***** MATERIAL SHOWN *****
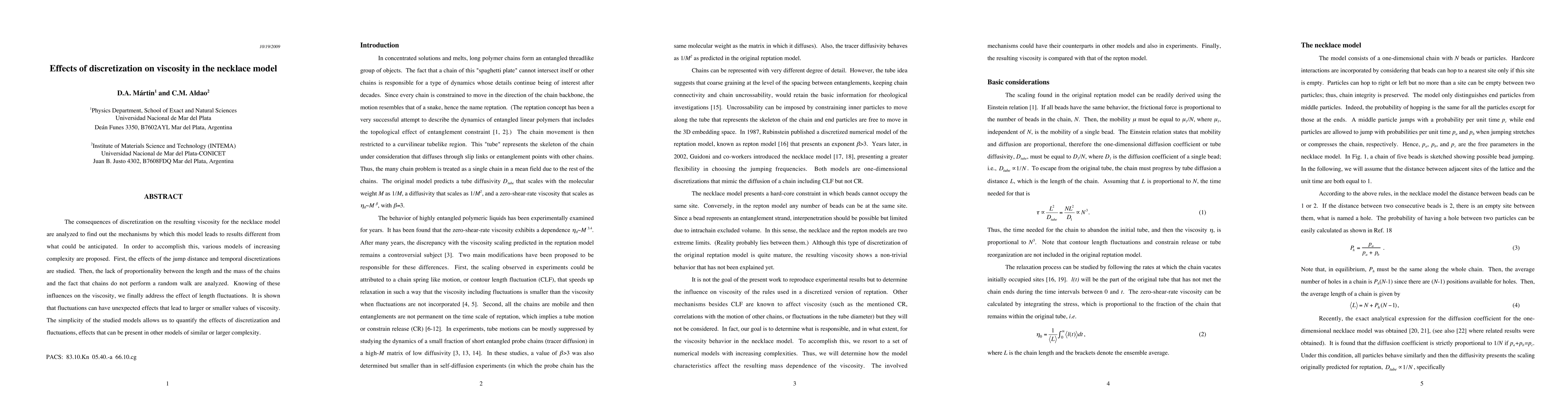 The consequences of discretization on the resulting viscosity for the necklace model are analyzed to find out the mechanisms by which this model leads to results different from what could be anticipated. In order to accomplish this, various models of increasing complexity are proposed. First, the effects of the jump distance and temporal discretizations are studied. Then, the lack of proportionality between the length and the mass of the chains and the fact that chains do not perform a random walk are analyzed. Knowing of these influences on the viscosity, we finally address the effect of length fluctuations. It is shown that fluctuations can have unexpected effects that lead to larger or smaller values of viscosity. The simplicity of the studied models allows us to quantify the effects of discretization and fluctuations, effects that can be present in other models of similar or larger complexity.
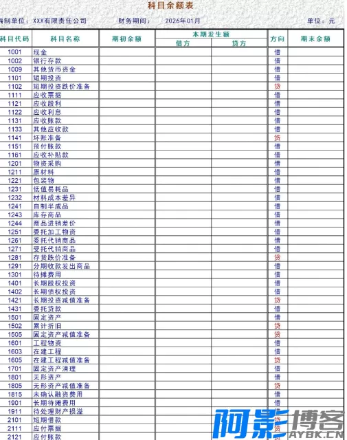 ⑥明细科目可在总账科目之后自行增减或修改,科目之间不可有空单元格。
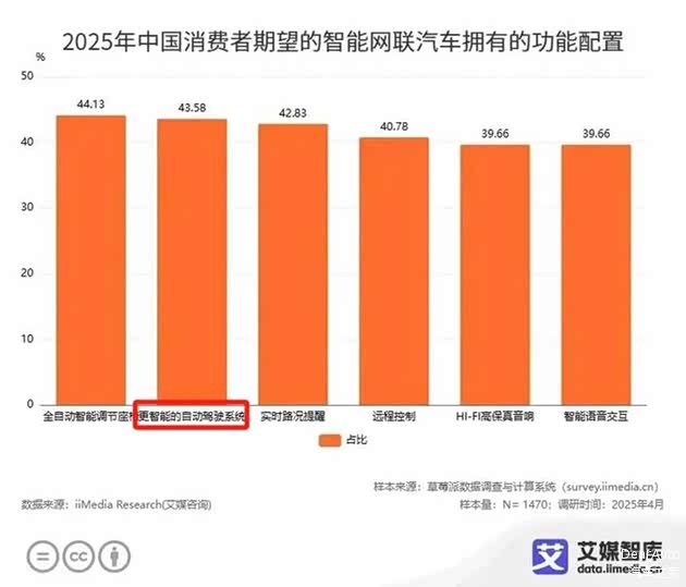 艾媒咨询《2025年中国智能网联汽车消费行为调查数据》中,“更智能的自动驾驶系统”成为中国消费者最期望拥有的功能配置之一;
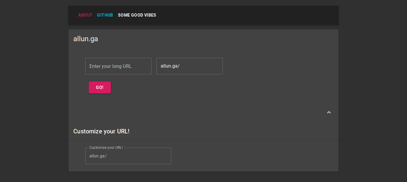 Allun.ga is an italian [open source, succint, vaporwave, material-design] based URL shortner, written in ReactJS. Allun.ga's name come from an italian verb which means 'to extend', we choose it to create the domain hack and obviously the wordplay. Allun.ga is against racism, women harassment, pineapple bacon pizza and, of course, light themes in IDEs. Feel free to use Allun.ga to shorten your url, but remember that we are in beta, so be patient if something doesn't work properly: open an issue on our Github repo, we'll work on it ;)
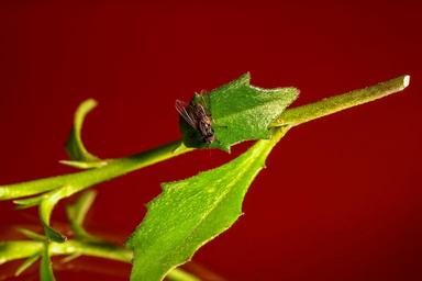 Keywords: fly insect wing leaf nature green red animal close housefly spieglung background wallpaper
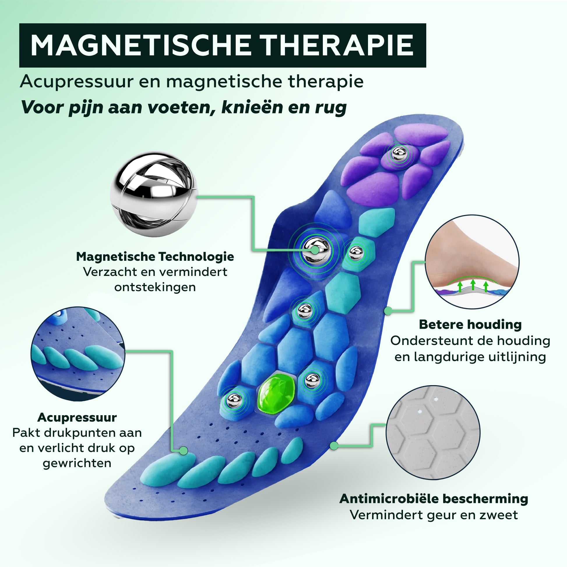 Onze Magnetische Inlegzolen combineren acupressuur met zachte magneten voor directe pijnverlichting en langdurige ondersteuning.
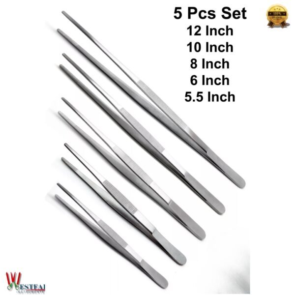 Complete Set of 5 Forceps in sizes: 5.5″, 6″, 8″, 10″, and 12″
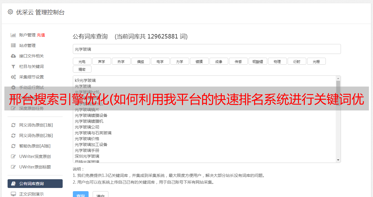 优采云 发布时间: 2021-12-16 00:37邢台搜索引擎优化(如何利用我平台的快速排名系统进行关键词优化排名?)
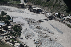 The Karakoram Highway, which connects Pakistan with China, was closed after a bridge was destroyed. The ongoing devastating floods in Pakistan will have a severe impact on an already vulnerable population, says the International Committee of the Red Cross (ICRC). In addition to all the other damages the floods have caused, floodwater has destroyed much of the health care infrastructure in the worst-affected areas, leaving inhabitants especially vulnerable to water-borne disease. In Sindh, the Indus River burst its banks near Sukkur on 8 August, submerging the village of Mor Khan Jatoi. There is also an absence of law and order, mainly in Sindh. Looters have been taking advantage of the floods by ransacking abandoned homes using boats.
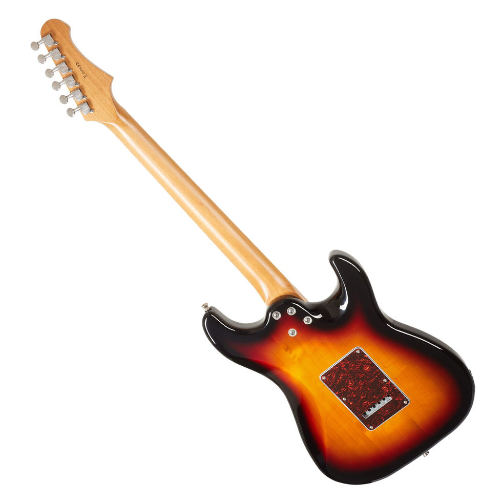 La JET JS 400 SB es una guitarra eléctrica que ofrece el diseno, la artesanía y las características tradicionales de los modelos ST a un precio asequible. El cuerpo de cal del instrumento está cubierto con una laca brillante. El mástil y el diapasón de arce canadiense atornillados han sido tratados térmicamente antes de su ensamblaje, lo que hace que la madera sea más estable y le da el aspecto y el aura de un mástil/ diapasón que ha sido tocado durante años.La combinación de una humbucker cobbler y dos pastillas de bobina simple con imanes de cerámica proporciona a la guitarra una amplia variedad de sonidos adecuados para muchos géneros musicales. El carácter del sonido se puede moldear con el potenciómetro de volumen, el obturador de tono y el interruptor de pastilla de cinco posiciones. Las cuerdas están ancladas mediante un traste de hueso en afinadores cromados y un trémolo sincronizado. El aspecto elegante de la guitarra se ve acentuado por un golpeador de imitación de carey.La marca relativamente nueva Jet Guitars ofrece guitarras eléctricas asequibles en diseños, colores y acabados tradicionales.
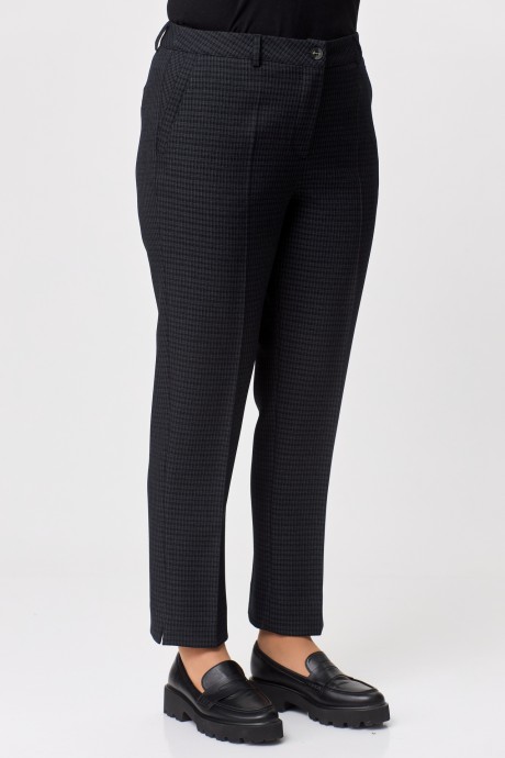 Брюки классические, из плотной текстильной ткани, прямые, слегка заужены к низу, заутюжены стрелки, по переду обработаны карманы с отрезным бочком, застежка на тесьму-молнию и 1 пуговицу. На задних половинках обработаны вытачки и имитация карманов в рамку с двумя обтачками, пояс в брюках притачной. По низу брюк в боковом шве есть небольшой разрез.
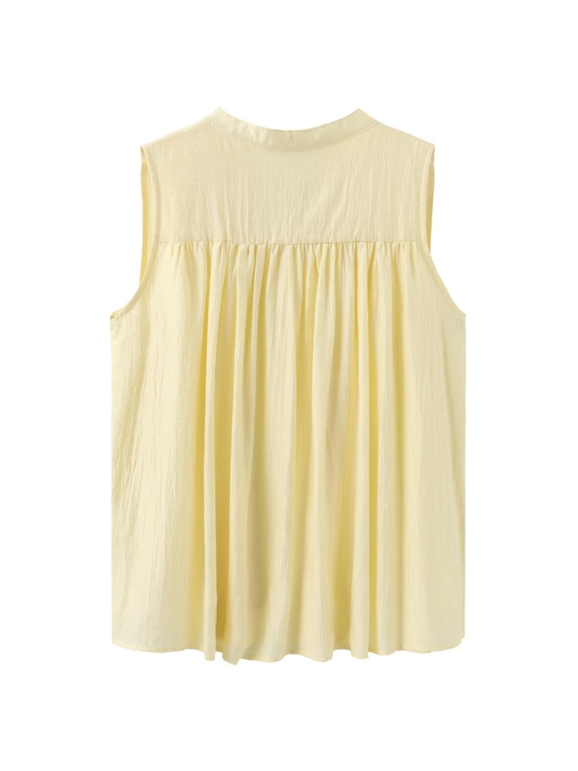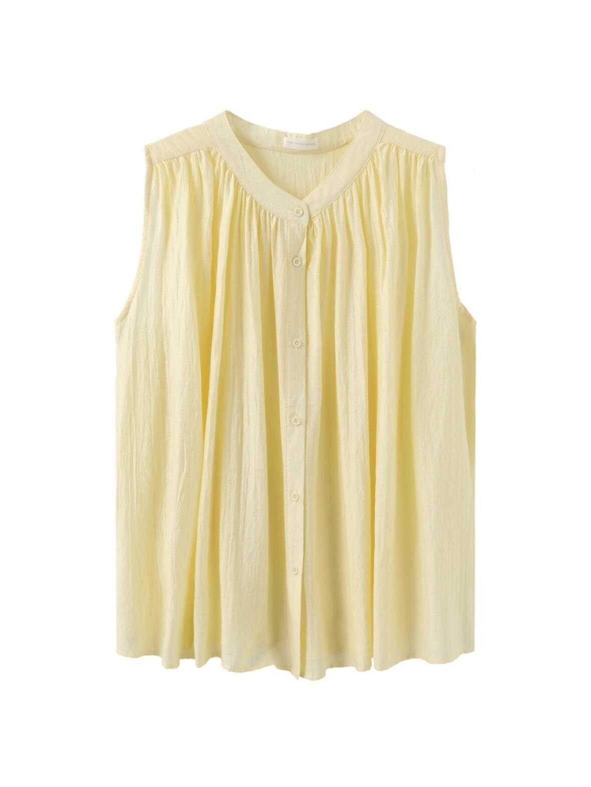 Top fra One Two Luxzuz i gul. En Agathe skjorte top med rund hals og knapper ned foran, designet til at føles let og behagelig.
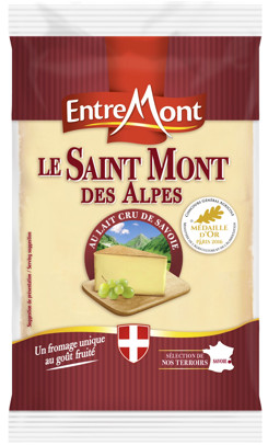 Fabriqué à La Bâthie en plein cœur de la Savoie dans une fromagerie traditionnelle, le Saint Mont des Alpes, fromage à pâte pressée cuite, est le résultat d’un savant mélange : un lait cru de qualité issu de vaches élevées localement allié au savoir-faire des maîtres fromagers Entremont.
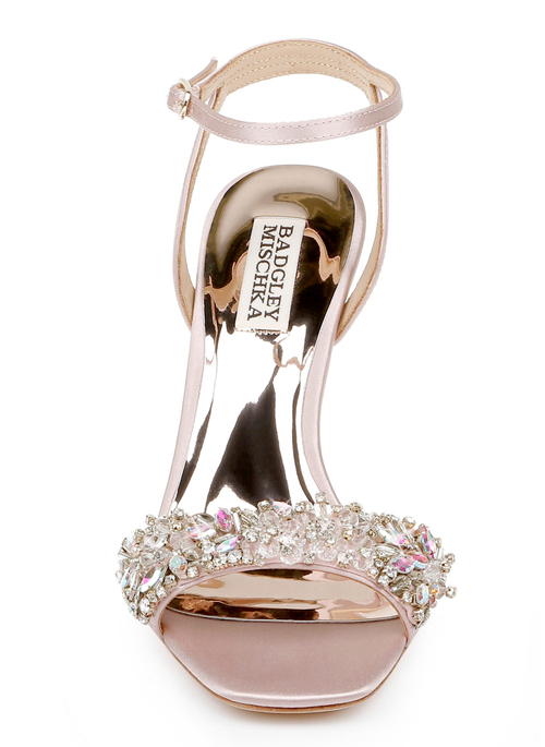- Rider is your new, most glamorous friend. Featuring a delicate sling back and ankle strap, this silk satin beauty stands tall with a 3 ¼ inch heel, and a toe strap covered in crystals and jewels.
*****
## WORK INSTRUCTIONS
Set down all the entries above verbatim, and include none of the pictures.

## SOLUTION TO THIS TASK
 The consequences of discretization on the resulting viscosity for the necklace model are analyzed to find out the mechanisms by which this model leads to results different from what could be anticipated. In order to accomplish this, various models of increasing complexity are proposed. First, the effects of the jump distance and temporal discretizations are studied. Then, the lack of proportionality between the length and the mass of the chains and the fact that chains do not perform a random walk are analyzed. Knowing of these influences on the viscosity, we finally address the effect of length fluctuations. It is shown that fluctuations can have unexpected effects that lead to larger or smaller values of viscosity. The simplicity of the studied models allows us to quantify the effects of discretization and fluctuations, effects that can be present in other models of similar or larger complexity.
 ⑥明细科目可在总账科目之后自行增减或修改,科目之间不可有空单元格。
 艾媒咨询《2025年中国智能网联汽车消费行为调查数据》中,“更智能的自动驾驶系统”成为中国消费者最期望拥有的功能配置之一;
 Allun.ga is an italian [open source, succint, vaporwave, material-design] based URL shortner, written in ReactJS. Allun.ga's name come from an italian verb which means 'to extend', we choose it to create the domain hack and obviously the wordplay. Allun.ga is against racism, women harassment, pineapple bacon pizza and, of course, light themes in IDEs. Feel free to use Allun.ga to shorten your url, but remember that we are in beta, so be patient if something doesn't work properly: open an issue on our Github repo, we'll work on it ;)
 Keywords: fly insect wing leaf nature green red animal close housefly spieglung background wallpaper
 Onze Magnetische Inlegzolen combineren acupressuur met zachte magneten voor directe pijnverlichting en langdurige ondersteuning.
 Complete Set of 5 Forceps in sizes: 5.5″, 6″, 8″, 10″, and 12″
 优采云 发布时间: 2021-12-16 00:37邢台搜索引擎优化(如何利用我平台的快速排名系统进行关键词优化排名?)
 The Karakoram Highway, which connects Pakistan with China, was closed after a bridge was destroyed. The ongoing devastating floods in Pakistan will have a severe impact on an already vulnerable population, says the International Committee of the Red Cross (ICRC). In addition to all the other damages the floods have caused, floodwater has destroyed much of the health care infrastructure in the worst-affected areas, leaving inhabitants especially vulnerable to water-borne disease. In Sindh, the Indus River burst its banks near Sukkur on 8 August, submerging the village of Mor Khan Jatoi. There is also an absence of law and order, mainly in Sindh. Looters have been taking advantage of the floods by ransacking abandoned homes using boats.
 La JET JS 400 SB es una guitarra eléctrica que ofrece el diseno, la artesanía y las características tradicionales de los modelos ST a un precio asequible. El cuerpo de cal del instrumento está cubierto con una laca brillante. El mástil y el diapasón de arce canadiense atornillados han sido tratados térmicamente antes de su ensamblaje, lo que hace que la madera sea más estable y le da el aspecto y el aura de un mástil/ diapasón que ha sido tocado durante años.La combinación de una humbucker cobbler y dos pastillas de bobina simple con imanes de cerámica proporciona a la guitarra una amplia variedad de sonidos adecuados para muchos géneros musicales. El carácter del sonido se puede moldear con el potenciómetro de volumen, el obturador de tono y el interruptor de pastilla de cinco posiciones. Las cuerdas están ancladas mediante un traste de hueso en afinadores cromados y un trémolo sincronizado. El aspecto elegante de la guitarra se ve acentuado por un golpeador de imitación de carey.La marca relativamente nueva Jet Guitars ofrece guitarras eléctricas asequibles en diseños, colores y acabados tradicionales.
 Брюки классические, из плотной текстильной ткани, прямые, слегка заужены к низу, заутюжены стрелки, по переду обработаны карманы с отрезным бочком, застежка на тесьму-молнию и 1 пуговицу. На задних половинках обработаны вытачки и имитация карманов в рамку с двумя обтачками, пояс в брюках притачной. По низу брюк в боковом шве есть небольшой разрез.
 Top fra One Two Luxzuz i gul. En Agathe skjorte top med rund hals og knapper ned foran, designet til at føles let og behagelig.
 Fabriqué à La Bâthie en plein cœur de la Savoie dans une fromagerie traditionnelle, le Saint Mont des Alpes, fromage à pâte pressée cuite, est le résultat d’un savant mélange : un lait cru de qualité issu de vaches élevées localement allié au savoir-faire des maîtres fromagers Entremont.
- Rider is your new, most glamorous friend. Featuring a delicate sling back and ankle strap, this silk satin beauty stands tall with a 3 ¼ inch heel, and a toe strap covered in crystals and jewels.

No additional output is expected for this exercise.